* What is expected
Repeat only the lines below from the one containing "LAPTOP, DELL LATITUDE" through the one containing "其余产品暂时未予评级。(数据截至上周五18:00)", inclusive, exactly as written.

* Provided entries
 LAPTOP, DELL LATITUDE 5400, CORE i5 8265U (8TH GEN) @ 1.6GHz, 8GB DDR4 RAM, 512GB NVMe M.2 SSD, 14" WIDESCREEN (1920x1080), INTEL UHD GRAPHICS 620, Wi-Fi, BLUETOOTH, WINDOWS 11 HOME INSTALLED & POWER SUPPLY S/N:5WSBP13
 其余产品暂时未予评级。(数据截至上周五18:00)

==

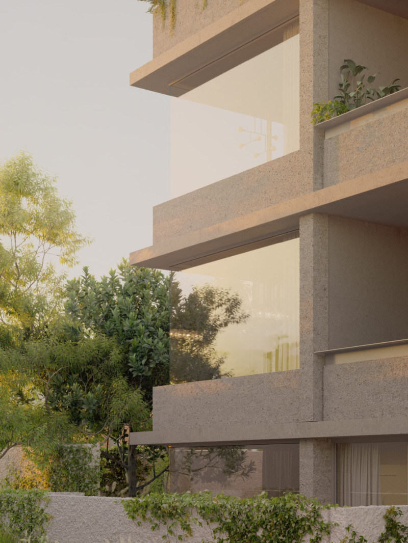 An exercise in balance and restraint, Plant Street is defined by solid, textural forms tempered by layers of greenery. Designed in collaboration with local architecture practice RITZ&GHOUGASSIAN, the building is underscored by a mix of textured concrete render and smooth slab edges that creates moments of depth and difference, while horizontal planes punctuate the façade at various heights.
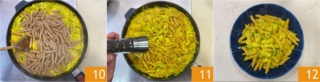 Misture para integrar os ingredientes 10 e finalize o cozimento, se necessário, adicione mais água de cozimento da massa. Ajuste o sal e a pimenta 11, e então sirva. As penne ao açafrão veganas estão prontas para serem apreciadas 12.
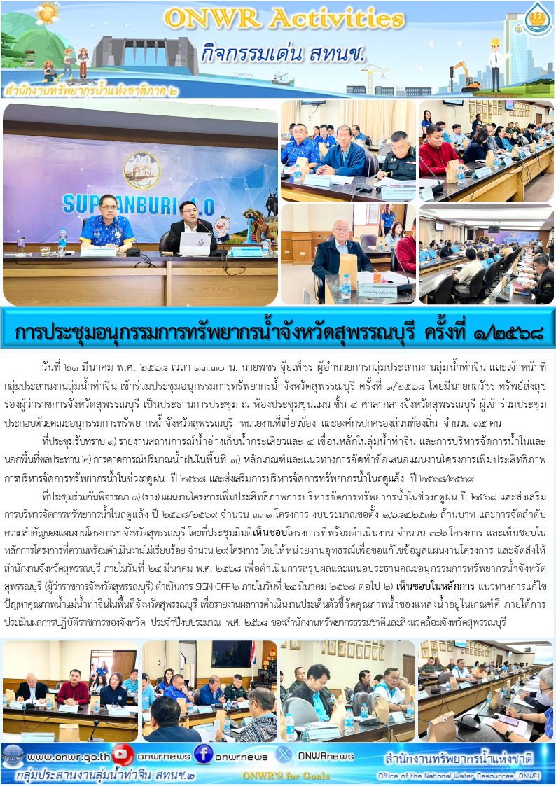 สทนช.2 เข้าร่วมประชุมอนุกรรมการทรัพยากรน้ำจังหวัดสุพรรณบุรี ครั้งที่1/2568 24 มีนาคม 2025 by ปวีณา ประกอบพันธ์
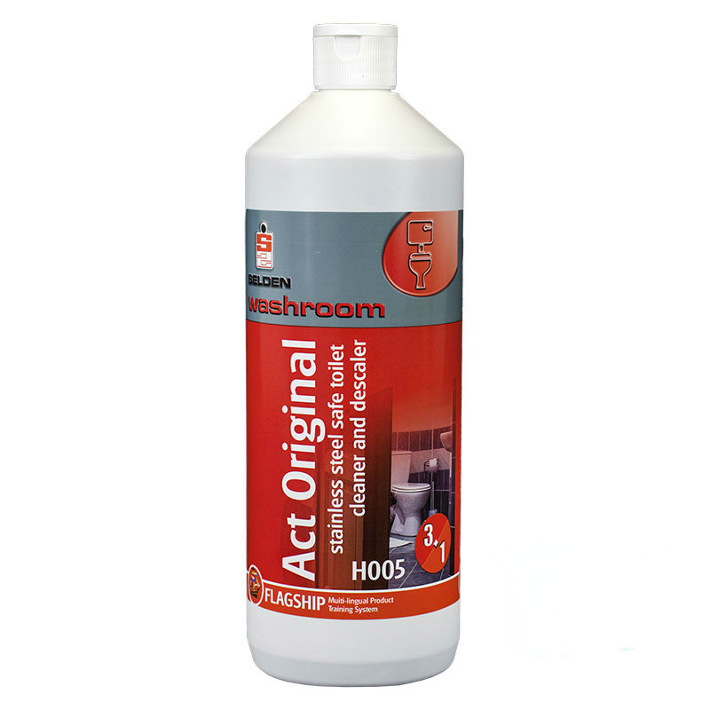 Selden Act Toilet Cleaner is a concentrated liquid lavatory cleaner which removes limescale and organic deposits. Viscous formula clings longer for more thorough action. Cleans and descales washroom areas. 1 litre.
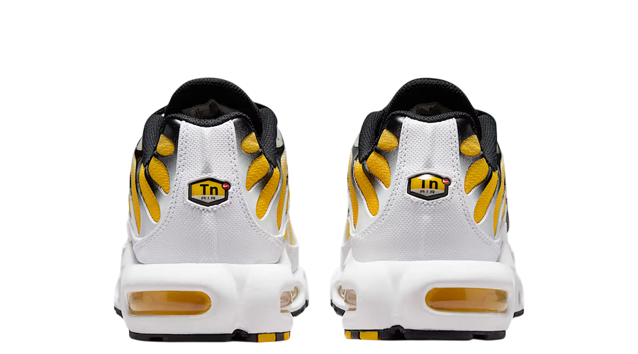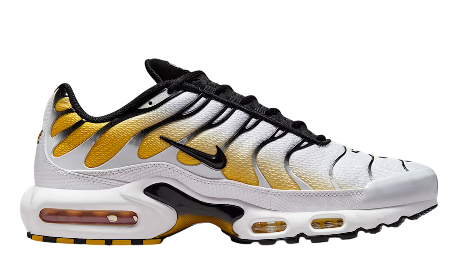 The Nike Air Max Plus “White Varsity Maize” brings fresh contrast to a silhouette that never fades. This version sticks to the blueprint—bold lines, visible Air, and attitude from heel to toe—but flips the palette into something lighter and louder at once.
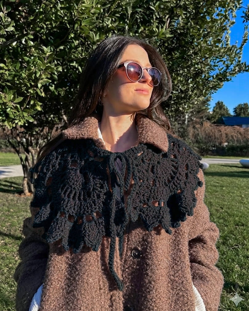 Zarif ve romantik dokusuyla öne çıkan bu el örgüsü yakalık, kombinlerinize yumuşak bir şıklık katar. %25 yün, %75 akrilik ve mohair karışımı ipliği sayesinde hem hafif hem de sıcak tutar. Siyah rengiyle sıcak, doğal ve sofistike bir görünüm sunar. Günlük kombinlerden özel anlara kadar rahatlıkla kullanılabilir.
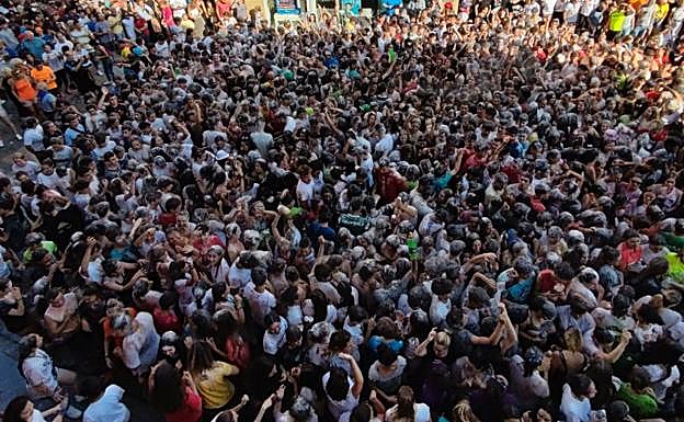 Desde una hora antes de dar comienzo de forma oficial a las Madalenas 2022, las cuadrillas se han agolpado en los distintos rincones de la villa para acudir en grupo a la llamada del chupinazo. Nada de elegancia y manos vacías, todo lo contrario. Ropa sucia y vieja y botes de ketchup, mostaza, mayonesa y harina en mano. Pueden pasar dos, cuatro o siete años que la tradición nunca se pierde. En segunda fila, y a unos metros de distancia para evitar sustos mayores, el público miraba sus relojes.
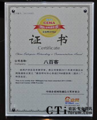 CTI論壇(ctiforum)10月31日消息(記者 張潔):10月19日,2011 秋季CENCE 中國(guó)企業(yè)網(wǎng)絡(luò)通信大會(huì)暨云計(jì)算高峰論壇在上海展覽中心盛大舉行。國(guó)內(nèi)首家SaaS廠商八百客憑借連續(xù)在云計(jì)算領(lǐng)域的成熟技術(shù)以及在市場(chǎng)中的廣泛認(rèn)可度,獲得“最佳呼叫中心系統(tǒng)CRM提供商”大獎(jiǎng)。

* Answer below
 LAPTOP, DELL LATITUDE 5400, CORE i5 8265U (8TH GEN) @ 1.6GHz, 8GB DDR4 RAM, 512GB NVMe M.2 SSD, 14" WIDESCREEN (1920x1080), INTEL UHD GRAPHICS 620, Wi-Fi, BLUETOOTH, WINDOWS 11 HOME INSTALLED & POWER SUPPLY S/N:5WSBP13
 其余产品暂时未予评级。(数据截至上周五18:00)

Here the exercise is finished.